Но, видя, что девушка остается молчаливой и неподвижной, гондольер продолжал:
— Или ты забыла, что Нунциата с детьми ожидает тебя?.. Кто будет любить малышей и заботиться о них?.. Им одним будет страшно ночью, они захотят есть… Будут звать тебя, а ты не придешь!.. О, я знаю: ты страдаешь, ты не можешь прийти к ним!
Орселли схватил ее на руки, дико озираясь по сторонам.
— Беатриче, — проговорил он тихо. — Разве тебе нравится мучить меня? Я уверен, что ты не умерла… Тебе хочется испугать меня, чтобы удивить, когда я возвращусь домой… Ты спрячешься за дверью и будешь ожидать меня… Потом ты подбежишь ко мне, закроешь своею ручкой мои глаза и поцелуешь меня… О, я вижу тебя, вижу… вижу! — твердил он хриплым голосом. — Но что это за красные пятна?.. Откуда взялась эта кровь… Ведь это кровь!.. Кто же ранил тебя… Кто?..

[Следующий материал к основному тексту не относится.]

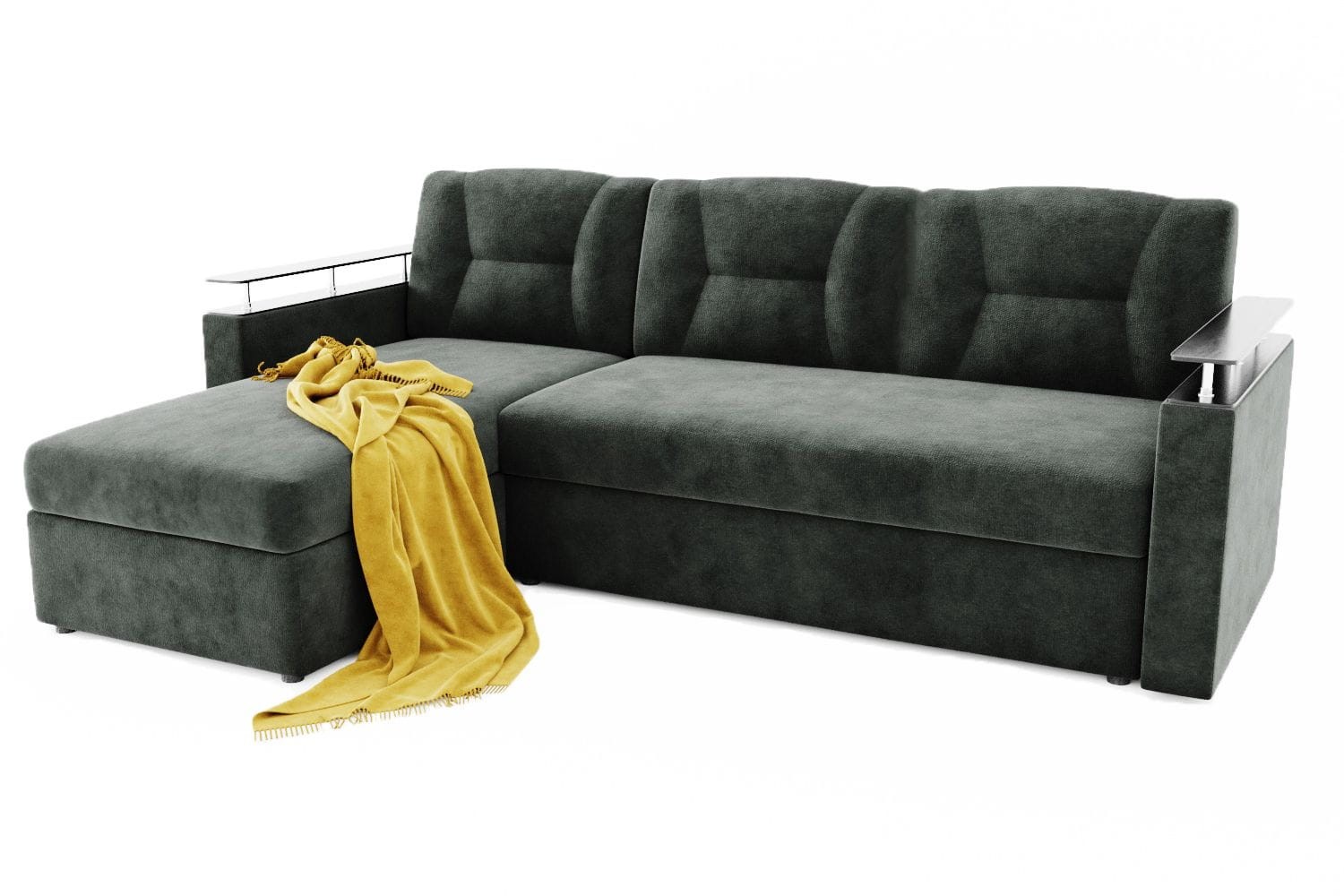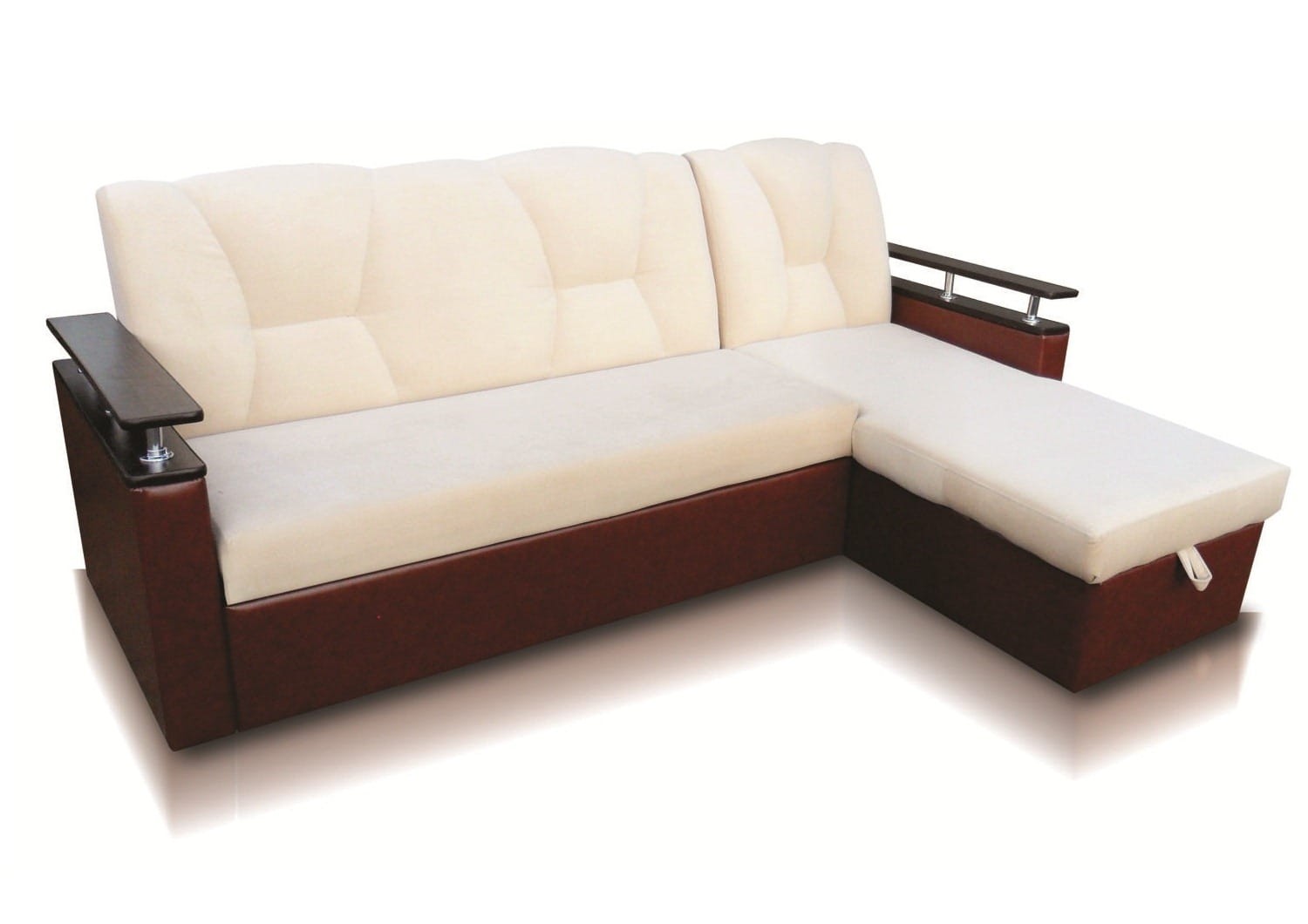 Особенности дивана: Изысканный и стильный трансформер для оригинальных дизайнерских решений. Практичный и вместительный: имеет большой ящик для белья, удобную оттоманку и просторное спальное место. Поможет выгодно зонировать пространство за счёт угловой модели. Толщина ППУ - 100 мм. Глубина сидения: 63 см. Доставляется в разобранном виде: локти, оттоманка, диван. Сзади дивана техническая ткань. Локти к дивану цепляются на салазках.
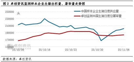 11月初需求平稳 供应增加 从需求端看,从10月底到11月初,生猪屠宰量运行趋势相对平稳。11月6日,卓创资讯监测生猪屠宰量为18.41万头,较四个工作日前仅微幅增加,对生猪价格影响较小。从供应端看,11月初养殖企业日度出栏量持续增加,11月6日,卓创资讯监测样本企业日度出栏量为20.18万头,四个工作日累计增加3.47万头,利空生猪价格。

Никто не отвечал ему, все стояли, опустив головы. Некоторое время он ждал ответа от Беатриче и, наконец, рассудок его как будто прояснился.
— О, это… Я сделал это, — воскликнул он, катаясь по земле, — Я убил свою сестру… Убил мою хорошенькую, мою кроткую Беатриче!
Доминико и несколько других рыбаков старались поднять его, чтобы увести с рынка, но он отбивался от них с неестественной силой, не желая расставаться с трупом сестры. Наконец Доминико, возмущенный донельзя этой ужасной сценой, обратился к товарищам:
— Не пора ли пойти просить правосудия у нашего милостивого дожа Виталя Микели? — спросил он.
Все присутствующие подняли молча руки в знак согласия на его предложение.
Сбиры и стрелки не решились остановить безоружную чернь и поспешили пропустить ее.
— Подумаешь! — произнес Азан, окидывая равнодушным взглядом труп девочки. — Сенат не может сделать мне ничего за это происшествие. Кто ж мог предвидеть, что этот сумасшедший плебей накинется на сестру, а не на меня? Я не виноват во всем этом! — закончил далмат, оставляя рынок.